Considering the 90-day investment horizon Salesforce is expected to under-perform the Johnson Johnson. In addition to that, Salesforce is 1.28 times more volatile than Johnson Johnson. It trades about -0.18 of its total potential returns per unit of risk. Johnson Johnson is currently generating about 0.11 per unit of volatility. If you would invest  13,769  in Johnson Johnson on December 23, 2024 and sell it today you would earn a total of  1,251  from holding Johnson Johnson or generate 9.09% return on investment over 90 days.
Time Period3 Months [change]
DirectionMoves Against 
StrengthWeak
Accuracy100.0%
ValuesDaily Returns

Salesforce  vs.  Johnson Johnson

 Performance 
       Timeline  
Salesforce 

Risk-Adjusted Performance

Very Weak

 
Weak
 
Strong
Over the last 90 days Salesforce has generated negative risk-adjusted returns adding no value to investors with long positions. In spite of unfluctuating performance in the last few months, the Stock's basic indicators remain very healthy which may send shares a bit higher in April 2025. The recent disarray may also be a sign of long period up-swing for the firm investors.
Johnson Johnson 

Risk-Adjusted Performance

OK

 
Weak
 
Strong
Compared to the overall equity markets, risk-adjusted returns on investments in Johnson Johnson are ranked lower than 8 (%) of all global equities and portfolios over the last 90 days. In spite of rather fragile forward-looking indicators, Johnson Johnson may actually be approaching a critical reversion point that can send shares even higher in April 2025.

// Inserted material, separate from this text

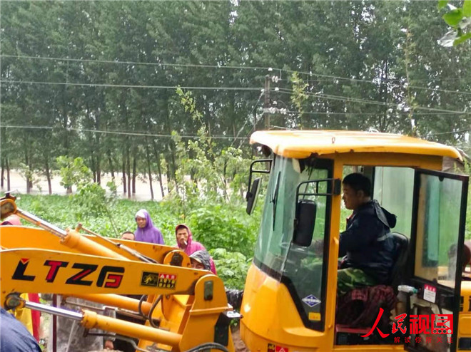 雨越下越大,衛(wèi)河水位持續(xù)上漲,永康段因前期澆地破開的口由于水流量過(guò)大,出現(xiàn)缺口,群眾的生命財(cái)產(chǎn)安全受到了威脅,河上巡邏的村干部發(fā)現(xiàn)衛(wèi)河一處排污口不斷往外涌水,立即報(bào)告給張乾書記,此時(shí),張乾家中剛做好午飯,張書記把碗往桌上一放,還沒(méi)來(lái)得及吃一口,穿著雨衣就沖出門外,趕到現(xiàn)場(chǎng),看到情況十分緊急,千鈞一發(fā)之際,他不顧危險(xiǎn),大喊一聲“我來(lái)!大家把沙袋遞給我!”縱身跳入湍流的河中,只見(jiàn)他佝僂起身體,降低重心,以防被急流沖倒,一邊等著岸上接力過(guò)來(lái)的沙袋,在他抬頭等著接沙袋的時(shí)候,雨水打得他的眼睛都睜不開,他瞇著眼睛將一袋袋沙袋壘到衛(wèi)河封堵口,成功封堵缺口。經(jīng)過(guò)一夜的努力,和此時(shí),已經(jīng)夜里四點(diǎn)鐘,張書記全身濕透,雙腿被冷水泡得瑟瑟發(fā)抖,剛被人拉上岸,又有人來(lái)說(shuō)共產(chǎn)主義渠永康段又出現(xiàn)決堤。張乾書記二話沒(méi)說(shuō),又號(hào)召村上幾十人,立即趕到現(xiàn)場(chǎng),指導(dǎo)防汛人員進(jìn)行搶險(xiǎn)?!跋韧跍希s緊把水排掉,如果大堤經(jīng)過(guò)長(zhǎng)時(shí)間的浸泡,極容易形成塌方?!弊屑?xì)觀察險(xiǎn)情后,張乾趕緊吩咐道。為了填大堤,他親自開著鏟車填放沙袋,但是由于大堤被水沖垮,已經(jīng)承受不住鏟車的重量,此時(shí),他反應(yīng)迅速,趕緊倒車返回岸上,幸好沒(méi)有掉入河中,隨即又發(fā)動(dòng)村內(nèi)群眾開來(lái)自家的兩輪、三輪車?yán)^續(xù)王河堤上面運(yùn)送沙袋,但是由于水流量太大,杯水車薪,又聯(lián)系鎮(zhèn)上的領(lǐng)導(dǎo),協(xié)調(diào)了周邊村莊的黨員群眾一起,經(jīng)過(guò)連夜奮戰(zhàn),終于將決堤處堵住。

Salesforce and Johnson Johnson Volatility Contrast

   Predicted Return Density   
       Returns  

Pair Trading with Salesforce and Johnson Johnson

The main advantage of trading using opposite Salesforce and Johnson Johnson positions is that it hedges away some unsystematic risk. Because of two separate transactions, even if Salesforce position performs unexpectedly, Johnson Johnson can make up some of the losses. Pair trading also minimizes risk from directional movements in the market. For example, if an entire industry or sector drops because of unexpected headlines, the short position in Johnson Johnson will offset losses from the drop in Johnson Johnson's long position.
The idea behind Salesforce and Johnson Johnson pairs trading is to make the combined position market-neutral, meaning the overall market's direction will not affect its win or loss (or potential downside or upside). This can be achieved by designing a pairs trade with two highly correlated stocks or equities that operate in a similar space or sector, making it possible to obtain profits through simple and relatively low-risk investment.
Check out your portfolio center.
Note that this page's information should be used as a complementary analysis to find the right mix of equity instruments to add to your existing portfolios or create a brand new portfolio. You can also try the Headlines Timeline module to stay connected to all market stories and filter out noise. Drill down to analyze hype elasticity.